Triptolide suppresses human synoviocyte MH7A cells mobility and maintains redox balance by inhibiting autophagy.

Triptolide (TPL), the main active ingredient in Tripterygium glycosides, has been reported to exert anti-inflammation and anti-tumor effects. The present study was designed to investigate the effects of TPL on rheumatoid arthritis (RA) and explore the underlying mechanisms. By using human synoviocyte MH7A cells, TPL was proven to significantly impede migration and invasion of MH7A cells, and also inhibited MMP-2 and MMP-9 expression. Moreover, TPL was found to increase SOD, CAT, GSH-Px activities while decrease MDA activity, indicating that TPL maintained redox balance in MH7A cells.
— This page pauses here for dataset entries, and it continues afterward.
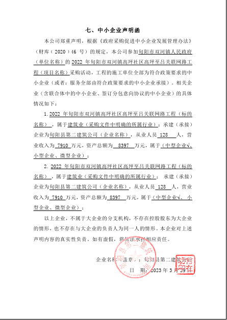 2023年3月31日2022年旬阳市双河镇高坪社区高坪至吕关联网路工程中标(成交)结果公告 |
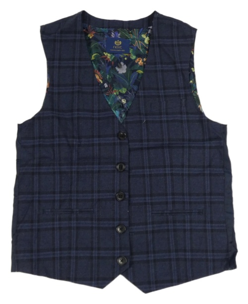 Tmavomodrá kostkovaná podšitá společenská vesta Next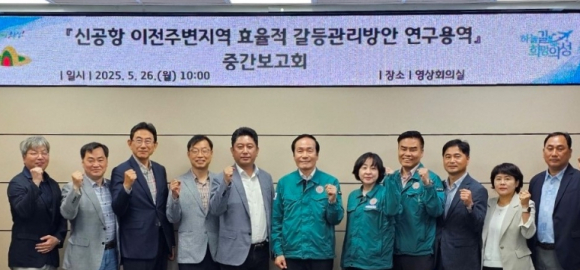 의성군은 26일 ‘신공항 이전주변지역 효율적 갈등관리 방안 연구용역’ 중간보고회를 개최했다.이번 보고회에는 의성군과 경북도 관계자, 공항분야 전문자문위원 등 20여 명이 참석해 연구용역 전반에 대한 검토와 함께 사업추진 단계별 예상 갈등에 대한 대응 방안 및 주민 지원에 관한 정책 제언을 논의하는 자문과정을 진행했다.군은 이번 용역을 통해 ▲이해관계자 심층인터뷰 및 사업단계별 갈등 요소 분석 ▲유사 사례 통한 주민갈등 대응방안 제시 ▲관련법 개정 및 자치입법 제정 등 제도적 기반 마련 ▲향후 갈등예상 및 관계기관별 대응방안 등 여러 정책제언을 신공항 이전사업과 관련한 갈등관리에 활용해 나갈 예정이다.김주수 의성군수는 “이번 보고회를 통해 제시된 다양한 의견과 정책제언을 면밀히 검토하고 보완하여 주민과 행정이 상생할 수 있는 실질적이고 효과적인 갈등관리 대책을 수립하겠다”라고 밝혔다.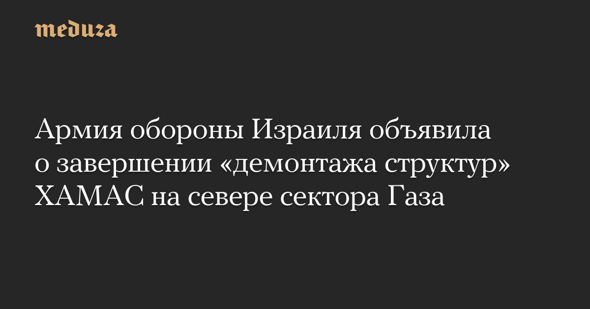Армия обороны Израиля объявила о завершении «демонтажа структур» ХАМАС на севере сектора Газа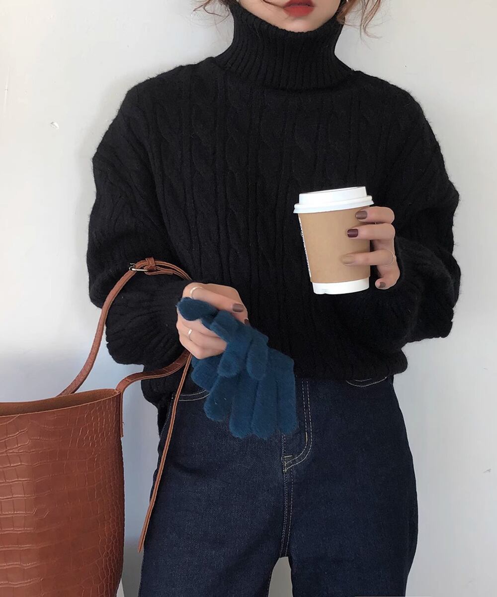 寒い季節にぴったりで、首元までしっかりカバーしてくれるタートルネックセーターです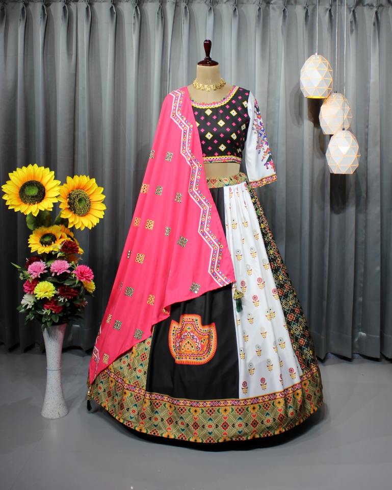 Nuevo Superhit totalmente cosido Faux Georgette Bandhani estampado Lehenga Choli bordado exclusivo trabajo tradicional invierno tendencia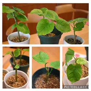 4/25にカットした ウンベラータ。大きい鉢に植え替える前にパチリ📸 水をやり過ぎてしまうから、スリット鉢で挿し木!はじめてやってみた。棒からここまでになるとは!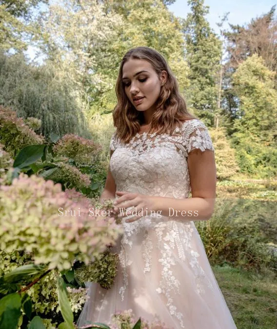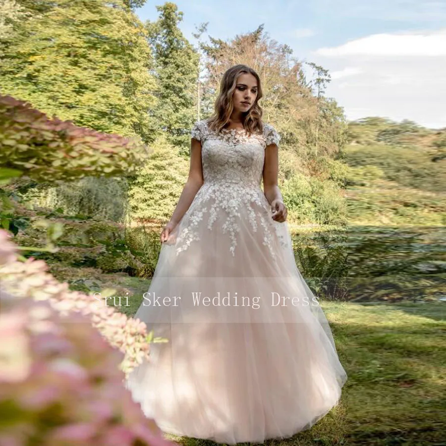 Свадебное платье из тюля, светильник круглым вырезом, с аппликациями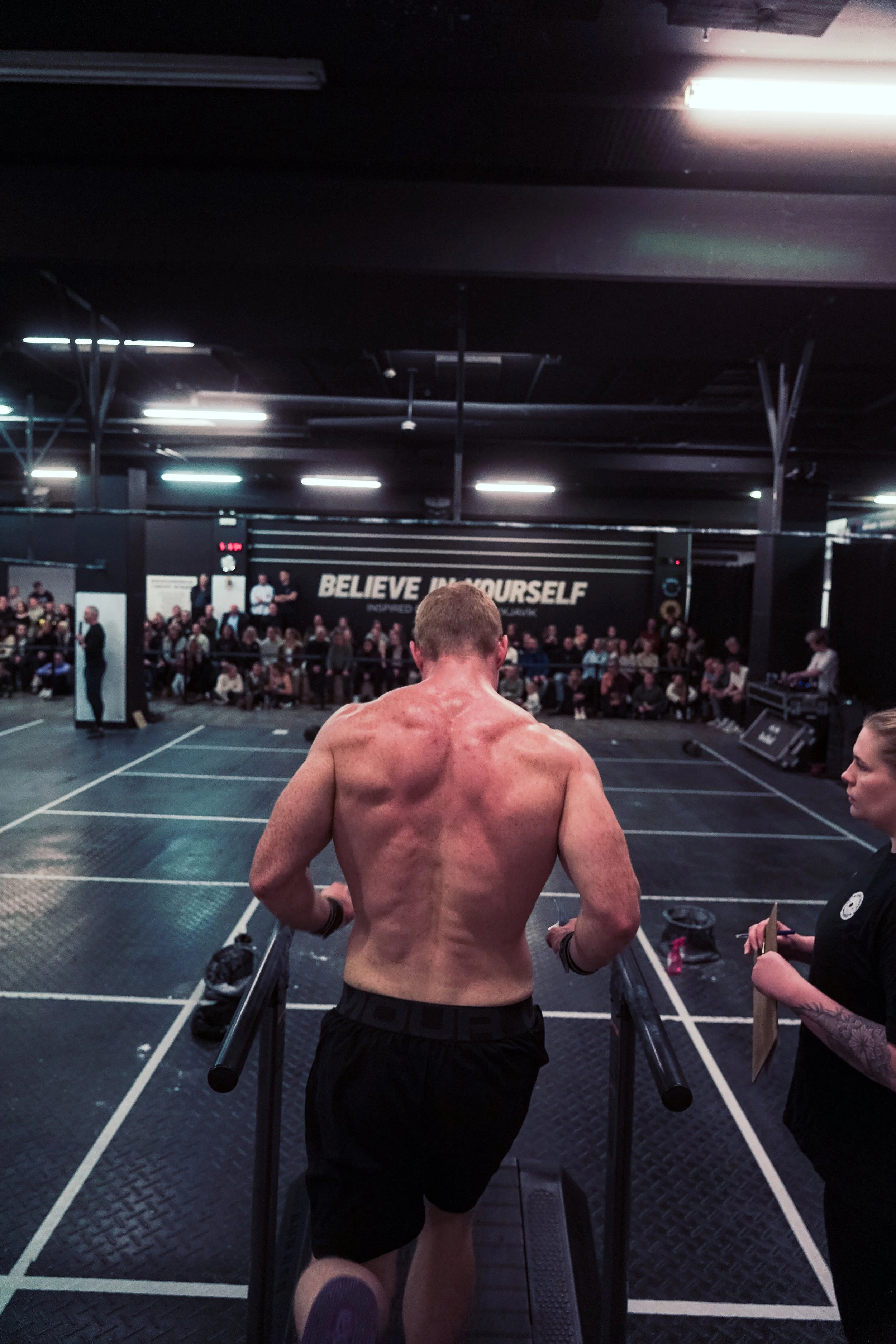 A shirtless man running on a treadmill in a gym with an audience seated in the background.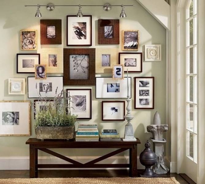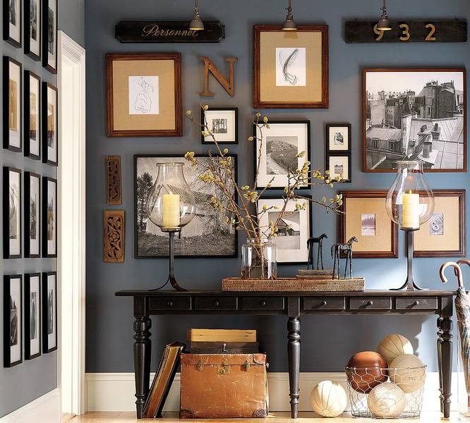 Questo è il modo tradizionale e più popolare di decorare le pareti (vedi Come posizionare le foto sul muro) Un dipinto può essere scelto come dominante all'interno o come composizione di più opere.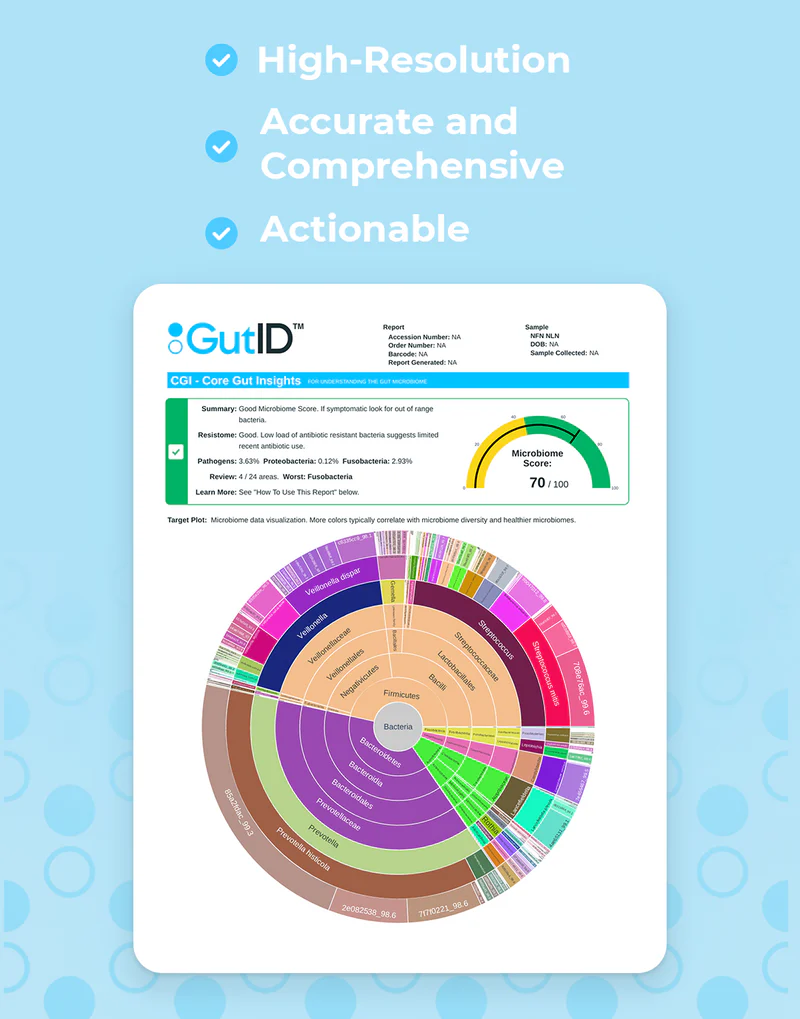 Kit de prueba del microbioma intestinal en casa que utiliza tecnología de secuenciación de ADN Titan-1™ y análisis con inteligencia artificial para identificar tu microbioma hasta el nivel de cepa. Ofrece datos claros y accionables sobre bacterias beneficiosas, posibles patógenos, diversidad microbiana (riqueza, uniformidad, resiliencia), resistoma (resistencia antibiótica) y marcadores de salud digestiva relacionados con IBS, SIBO, IBD, metabolismo de nutrientes y función de la mucosa intestinal.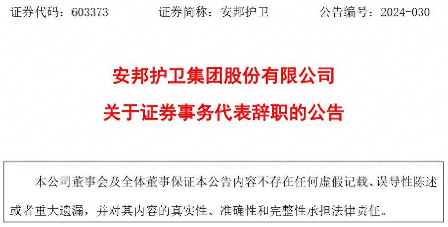 安邦护卫集团股份有限公司证券事务代表赵倩辞职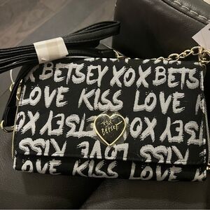 NWT Betsey Johnson black white XOXO LOVE KISS Crossbody shoulder accordion bag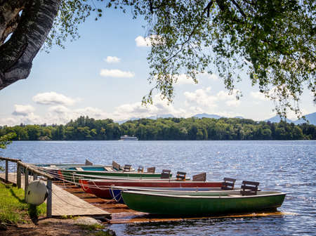 Blue Alps lake with Rental rowing boats in marina. Wharf for trip ships.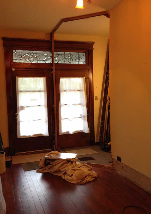 But it’s worth it. Already, with only the bottom area torn out, the entryway is much more inviting (if one can overlook the dust), and a lot brighter, too. I still have plenty of the plaster-like stuff to remove to fully open up the stairwell, and there’s some pretty nasty carpet to tear out (and under that, Masonite). So I don’t yet know the state of the trim on the bottom edge of the staircase (if it’s even there) or if the original treads are still in place (and/or salvageable).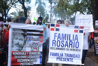 SANTO DOMINGO.- Miembros de la familia Rosario escenificaron otra vez una protesta, esta vez frente a la sede central del Banco de Reservas (manejado por el Estado dominicano), en reclamo de una fortuna que le habría dejado como herencia su familia de origen español que se radicó en el país, y que dicen está en la entidad financiera. Agregaron que se han contratado abogados en el extranjero para defender su caso.

TPL could down-regulate the number of LC3+ puncta, Beclin1 expression and LC3 II/I ratio in a concentration-dependent manner, indicating that TPL inhibited autophagy in MH7A cells. Activation of autophagy was found to counteract the effects of TPL on MH7A cells while inhibition of autophagy had the opposite effects. Our data demonstrated that TPL suppressed cell mobility and maintained redox balance through inhibiting autophagy in MH7A cells. Finally, our data revealed that TPL increased p-AKT/AKT ratio significantly and inhibition of PI3K/AKT signaling pathway activated autophagy in MH7A cells, suggesting that TPL suppressed autophagy through activating AKT signaling pathway in MH7A cells. Taken together, our present study revealed that TPL inhibited cell mobility and maintained redox balance in human synoviocyte MH7A cells through autophagy inhibition. Our findings suggested the potential clinical application of TPL on RA treatment.